### YOUR INSTRUCTIONS
Beginning at the line that contains "Tesadüfen, arabada GPS" and finishing at the line that contains "Menu’s Converge bookend", output the data below exactly. Include both end lines and no pictures.
····················
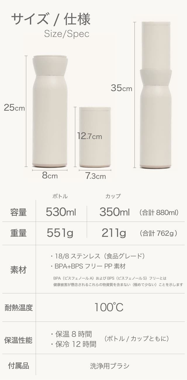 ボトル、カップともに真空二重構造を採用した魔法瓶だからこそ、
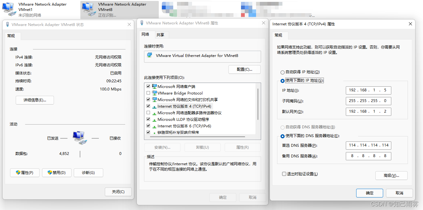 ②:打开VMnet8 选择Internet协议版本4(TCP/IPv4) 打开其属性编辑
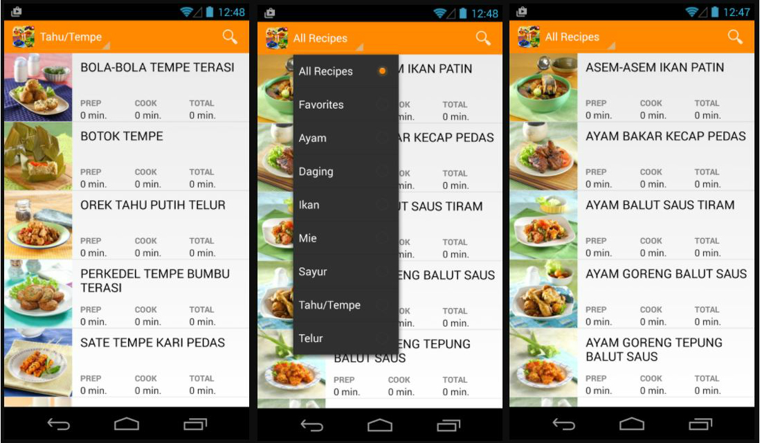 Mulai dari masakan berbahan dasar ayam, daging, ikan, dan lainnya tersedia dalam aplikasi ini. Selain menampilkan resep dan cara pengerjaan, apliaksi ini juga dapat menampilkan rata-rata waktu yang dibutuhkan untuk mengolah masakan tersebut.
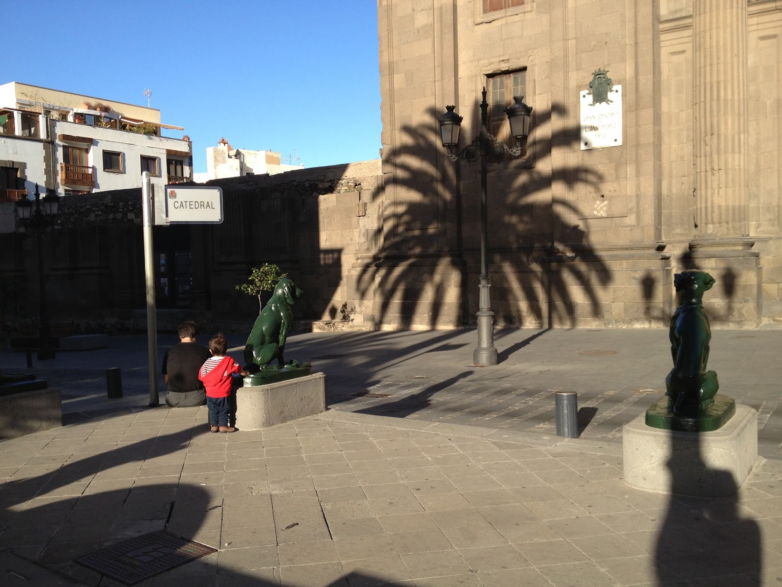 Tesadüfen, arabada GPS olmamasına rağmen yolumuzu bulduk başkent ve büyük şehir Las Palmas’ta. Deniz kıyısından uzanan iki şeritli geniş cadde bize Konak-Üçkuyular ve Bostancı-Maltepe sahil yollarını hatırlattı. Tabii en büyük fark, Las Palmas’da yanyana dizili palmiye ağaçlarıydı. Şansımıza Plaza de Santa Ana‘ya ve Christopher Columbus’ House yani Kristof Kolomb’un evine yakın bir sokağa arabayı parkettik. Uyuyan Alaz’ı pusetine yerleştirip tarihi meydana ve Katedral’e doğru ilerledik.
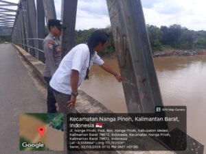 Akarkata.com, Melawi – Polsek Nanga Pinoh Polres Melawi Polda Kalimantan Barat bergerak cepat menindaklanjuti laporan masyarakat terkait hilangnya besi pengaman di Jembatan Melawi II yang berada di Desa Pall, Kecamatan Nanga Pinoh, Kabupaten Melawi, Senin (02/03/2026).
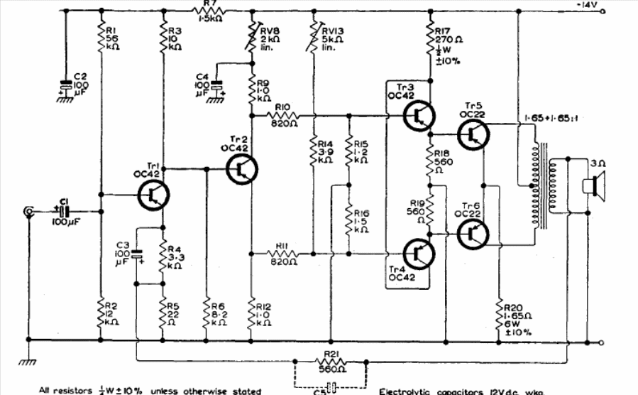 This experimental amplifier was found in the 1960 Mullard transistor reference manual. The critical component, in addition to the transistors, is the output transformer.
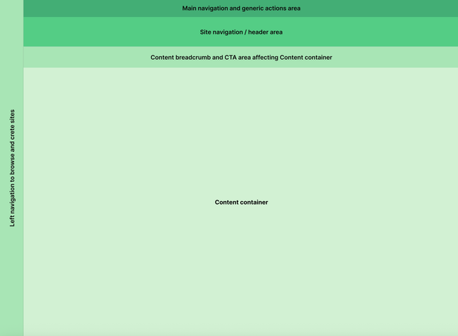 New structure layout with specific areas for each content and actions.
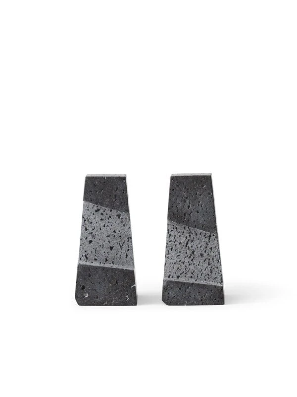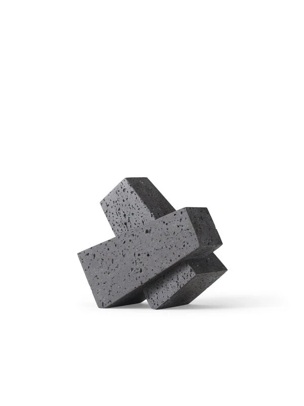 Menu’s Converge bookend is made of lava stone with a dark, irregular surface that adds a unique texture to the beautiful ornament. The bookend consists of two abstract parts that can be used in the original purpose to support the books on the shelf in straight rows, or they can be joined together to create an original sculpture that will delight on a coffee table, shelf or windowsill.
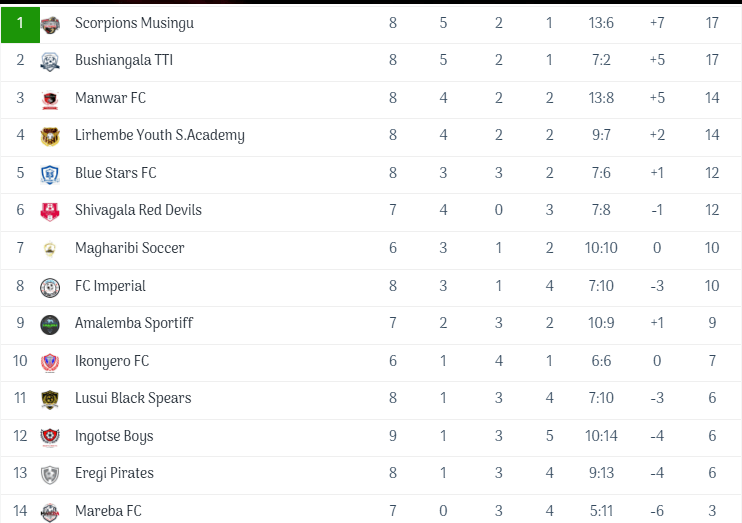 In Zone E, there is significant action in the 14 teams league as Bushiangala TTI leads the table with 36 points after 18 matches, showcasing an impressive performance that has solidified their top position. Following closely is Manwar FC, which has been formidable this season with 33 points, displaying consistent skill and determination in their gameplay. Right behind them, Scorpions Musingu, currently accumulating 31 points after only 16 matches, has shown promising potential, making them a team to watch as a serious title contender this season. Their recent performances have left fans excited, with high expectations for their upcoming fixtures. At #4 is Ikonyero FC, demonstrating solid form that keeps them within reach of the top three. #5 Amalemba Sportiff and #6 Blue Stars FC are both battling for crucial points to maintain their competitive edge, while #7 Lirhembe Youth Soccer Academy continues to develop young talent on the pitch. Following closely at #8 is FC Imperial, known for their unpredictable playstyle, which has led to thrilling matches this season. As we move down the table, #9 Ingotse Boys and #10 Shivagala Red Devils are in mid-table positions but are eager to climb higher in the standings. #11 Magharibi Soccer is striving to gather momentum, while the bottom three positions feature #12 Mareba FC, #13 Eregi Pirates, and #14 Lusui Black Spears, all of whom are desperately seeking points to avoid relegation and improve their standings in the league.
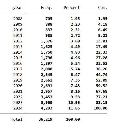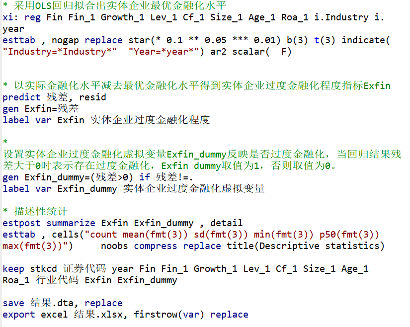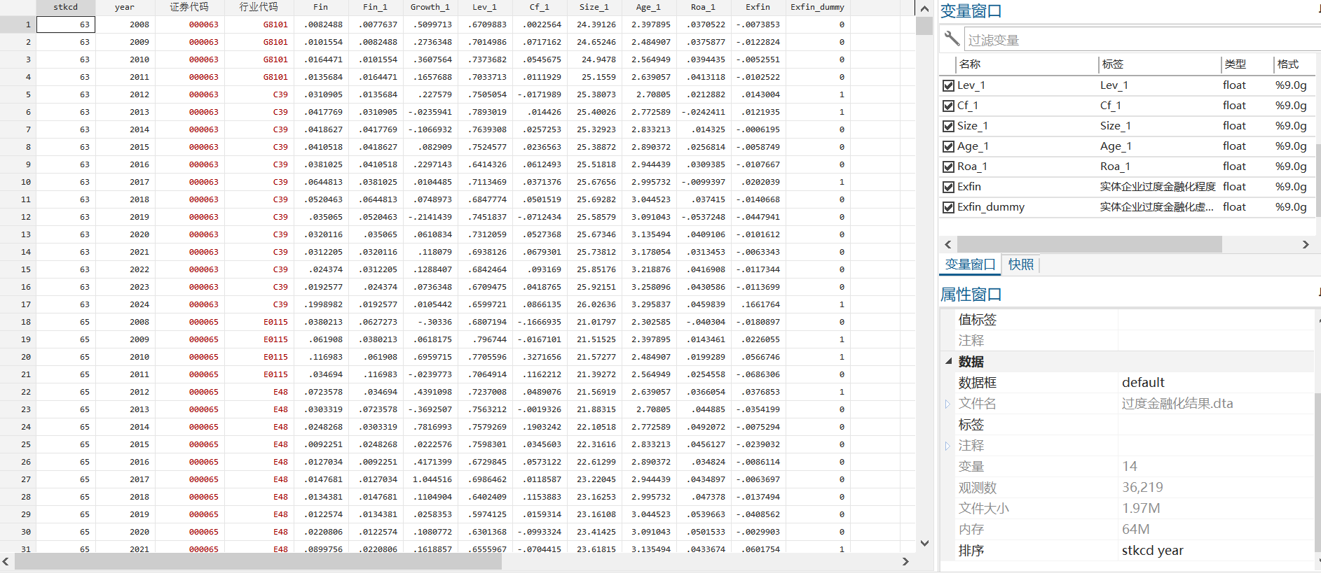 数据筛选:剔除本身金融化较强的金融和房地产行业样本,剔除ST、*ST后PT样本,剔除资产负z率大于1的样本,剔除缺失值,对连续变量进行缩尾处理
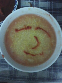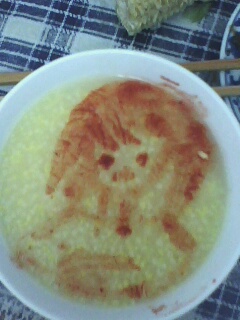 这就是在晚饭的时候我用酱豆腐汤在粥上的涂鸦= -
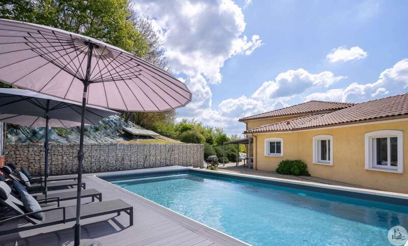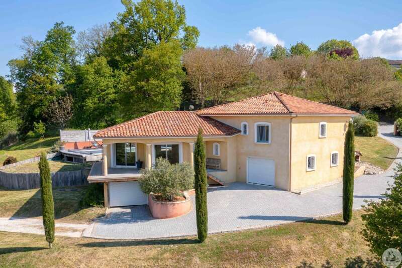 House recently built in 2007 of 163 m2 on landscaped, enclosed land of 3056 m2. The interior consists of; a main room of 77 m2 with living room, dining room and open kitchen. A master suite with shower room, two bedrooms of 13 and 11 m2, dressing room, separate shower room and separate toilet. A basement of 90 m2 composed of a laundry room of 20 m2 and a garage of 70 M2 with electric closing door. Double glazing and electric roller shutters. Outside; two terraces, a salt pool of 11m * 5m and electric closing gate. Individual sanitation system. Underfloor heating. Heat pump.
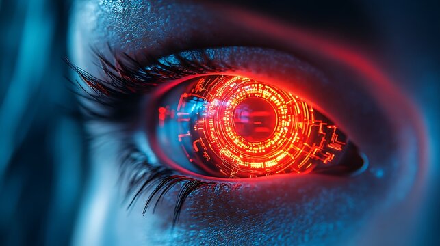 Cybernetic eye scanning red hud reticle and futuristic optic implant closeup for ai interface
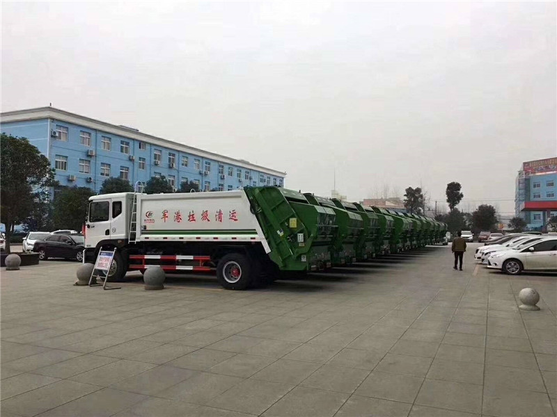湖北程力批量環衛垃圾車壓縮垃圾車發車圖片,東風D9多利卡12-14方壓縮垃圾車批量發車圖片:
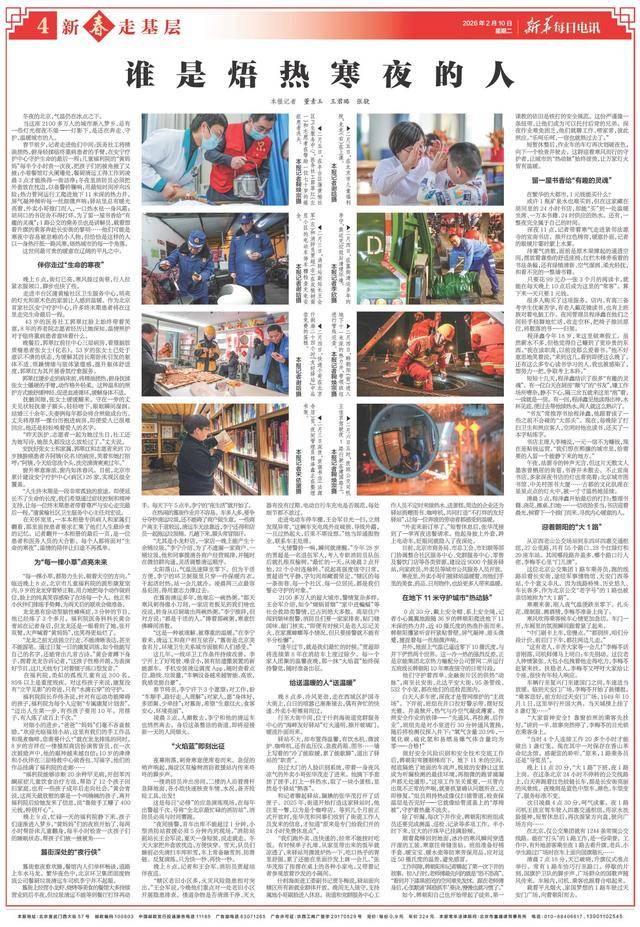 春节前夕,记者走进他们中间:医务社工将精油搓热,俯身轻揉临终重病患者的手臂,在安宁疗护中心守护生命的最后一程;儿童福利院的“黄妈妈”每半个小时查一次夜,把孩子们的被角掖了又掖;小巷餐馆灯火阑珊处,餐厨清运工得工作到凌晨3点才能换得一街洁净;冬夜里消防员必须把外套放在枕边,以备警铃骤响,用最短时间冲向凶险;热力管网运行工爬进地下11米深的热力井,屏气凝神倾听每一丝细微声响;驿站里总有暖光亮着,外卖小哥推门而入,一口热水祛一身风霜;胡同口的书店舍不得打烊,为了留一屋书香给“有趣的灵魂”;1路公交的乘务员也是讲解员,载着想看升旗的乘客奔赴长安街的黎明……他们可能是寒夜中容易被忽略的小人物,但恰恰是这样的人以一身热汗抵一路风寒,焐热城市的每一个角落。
····················
### WRITTEN RESPONSE
 Tesadüfen, arabada GPS olmamasına rağmen yolumuzu bulduk başkent ve büyük şehir Las Palmas’ta. Deniz kıyısından uzanan iki şeritli geniş cadde bize Konak-Üçkuyular ve Bostancı-Maltepe sahil yollarını hatırlattı. Tabii en büyük fark, Las Palmas’da yanyana dizili palmiye ağaçlarıydı. Şansımıza Plaza de Santa Ana‘ya ve Christopher Columbus’ House yani Kristof Kolomb’un evine yakın bir sokağa arabayı parkettik. Uyuyan Alaz’ı pusetine yerleştirip tarihi meydana ve Katedral’e doğru ilerledik.
 Akarkata.com, Melawi – Polsek Nanga Pinoh Polres Melawi Polda Kalimantan Barat bergerak cepat menindaklanjuti laporan masyarakat terkait hilangnya besi pengaman di Jembatan Melawi II yang berada di Desa Pall, Kecamatan Nanga Pinoh, Kabupaten Melawi, Senin (02/03/2026).
 This experimental amplifier was found in the 1960 Mullard transistor reference manual. The critical component, in addition to the transistors, is the output transformer.
 New structure layout with specific areas for each content and actions.
 Menu’s Converge bookend is made of lava stone with a dark, irregular surface that adds a unique texture to the beautiful ornament. The bookend consists of two abstract parts that can be used in the original purpose to support the books on the shelf in straight rows, or they can be joined together to create an original sculpture that will delight on a coffee table, shelf or windowsill.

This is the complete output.